Datapoint 2200 computer. Photo courtesy of Austin Roche.

In 1975, Intel’s next big plan was the 8800 processor designed to be Intel’s chief architecture for the 1980s. This processor was called a “micromainframe” because of its planned high performance. It had an entirely new instruction set designed for high-level languages such as Ada, and supported object-oriented programming and garbage collection at the hardware level. Unfortunately, this chip was too ambitious for the time and fell drastically behind schedule. It eventually launched in 1981 (as the iAPX 432) with disappointing performance, and was a commercial failure.

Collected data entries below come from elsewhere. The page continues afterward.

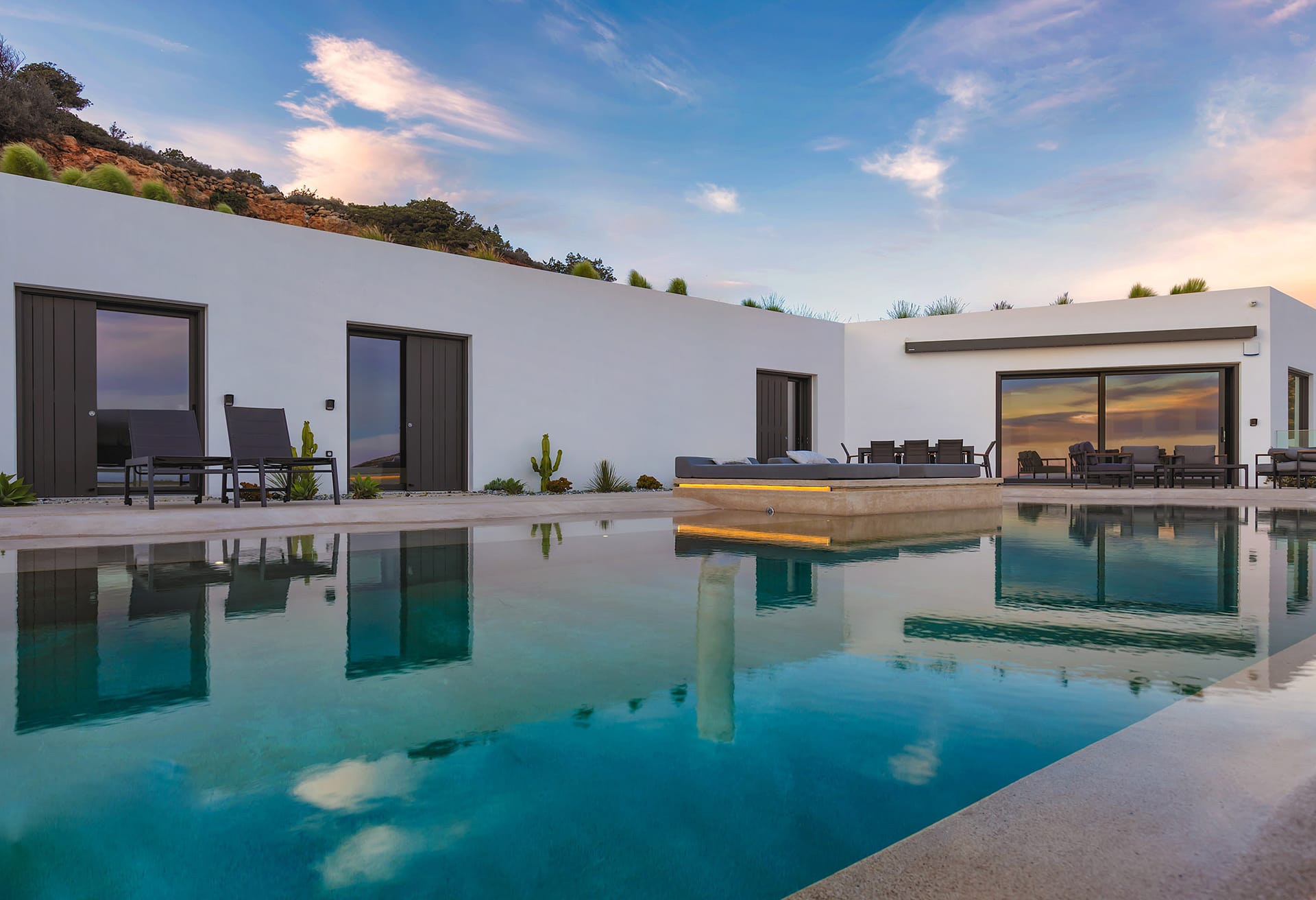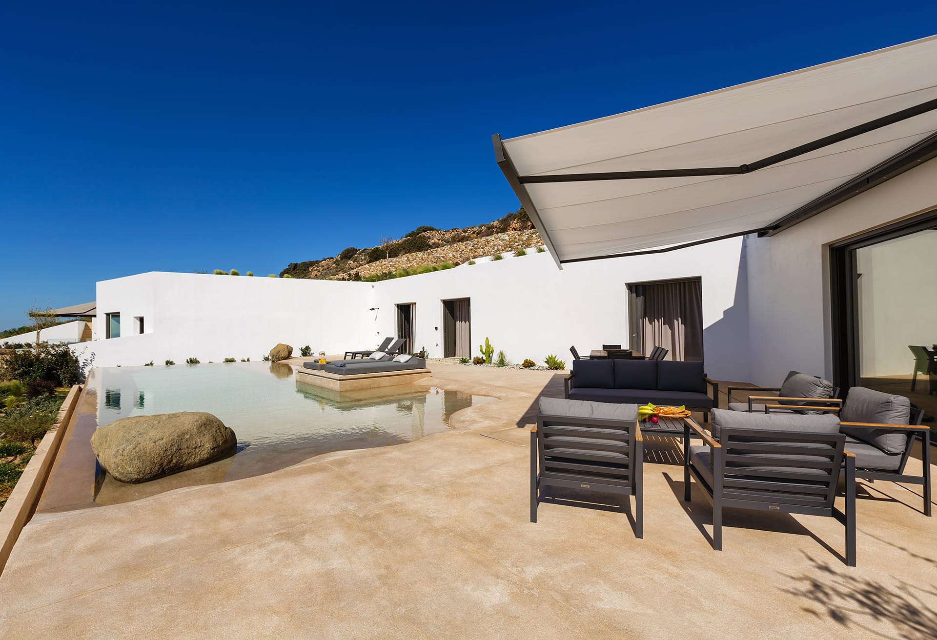 - 2 Large infinity swimming pools of 100 and 50 sqm with deck and amazing view to Kalafatis beach, 24 sunbeds and poufs, 3 double sunbeds, and 1 large hammock while a massive corner pergola offers lavishly the shadow that guests are enjoying in front of swimming pool, the bar and the dining area and another pergola specially designed for quitter moments surrounded by olive trees.
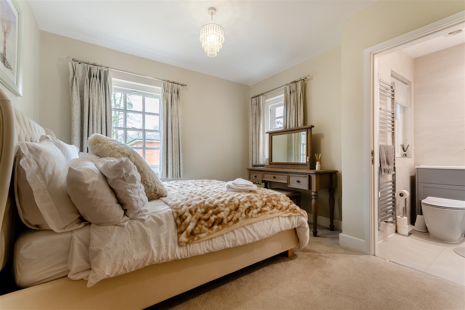 En-Suite - 2.13m x 2.13m (7'25 x 7'18) - Low level WC, vanity wash hand basin with cupboards below, large walk-in shower with large rainfall head over, heated towel rail, extractor fan, inset ceiling lights, tiled floor, fully tiled walls, front aspect frosted sash window.
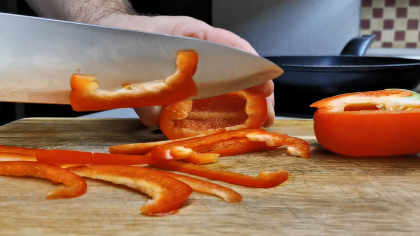 Pievieno strēmelēs sagrieztu sarkano papriku un sagrieztus marinētus gurķīšus. Tas piešķir gan krāsu, gan patīkamu svaigumu un līdzsvaro gaļas sātīgumu.

Because the iAPX 432 was behind schedule, Intel decided in 1976 that they needed a simple, stop-gap processor to sell until the iAPX 432 was ready. Intel rapidly designed the 8086 as a 16-bit processor somewhat compatible with the 8-bit 8080,4 released in 1978. The 8086 had its big break with the introduction of the IBM Personal Computer (PC) in 1981. By 1983, the IBM PC was the best-selling computer and became the standard for personal computers. The processor in the IBM PC was the 8088, a variant of the 8086 with an 8-bit bus. The success of the IBM PC made the 8086 architecture a standard that still persists, 42 years later.

Why did the IBM PC pick the Intel 8088 processor?7 According to Dr. David Bradley, one of the original IBM PC engineers, a key factor was the team’s familiarity with Intel’s development systems and processors. (They had used the Intel 8085 in the earlier IBM Datamaster desktop computer.) Another engineer, Lewis Eggebrecht, said the Motorola 68000 was a worthy competitor6 but its 16-bit data bus would significantly increase cost (as with the 8086). He also credited Intel’s better support chips and development tools.5

In any case, the decision to use the 8088 processor cemented the success of the x86 family. The IBM PC AT (1984) upgraded to the compatible but more powerful 80286 processor. In 1985, the x86 line moved to 32 bits with the 80386, and then 64 bits in 2003 with AMD’s Opteron architecture. The x86 architecture is still being extended with features such as AVX-512 vector operations (2016). But even though all these changes, the x86 architecture retains compatibility with the original 8086.

Transistors
The 8086 chip was built with a type of transistor called NMOS. The transistor can be considered a switch, controlling the flow of current between two regions called the source and drain. These transistors are built by doping areas of the silicon substrate with impurities to create “diffusion” regions that have different electrical properties. The transistor is activated by the gate, made of a special type of silicon called polysilicon, layered above the substrate silicon. The transistors are wired together by a metal layer on top, building the complete integrated circuit. While modern processors may have over a dozen metal layers, the 8086 had a single metal layer.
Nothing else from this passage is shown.